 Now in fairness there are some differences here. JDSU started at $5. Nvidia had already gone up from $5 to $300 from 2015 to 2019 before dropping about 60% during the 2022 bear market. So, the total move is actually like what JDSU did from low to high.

※

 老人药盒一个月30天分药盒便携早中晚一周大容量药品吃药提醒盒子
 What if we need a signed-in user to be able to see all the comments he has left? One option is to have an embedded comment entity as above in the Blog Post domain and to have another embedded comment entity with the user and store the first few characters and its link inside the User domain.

※

YOUR TASK> Where the listing above reaches the line that contains "老人药盒一个月30天分药盒便携早中晚一周大容量药品吃药提醒盒子", start retyping, and finish with the line that contains "What if we need"; reproduce those lines exactly and no others.

EXERCISE SOLUTION>
 老人药盒一个月30天分药盒便携早中晚一周大容量药品吃药提醒盒子
 What if we need a signed-in user to be able to see all the comments he has left? One option is to have an embedded comment entity as above in the Blog Post domain and to have another embedded comment entity with the user and store the first few characters and its link inside the User domain.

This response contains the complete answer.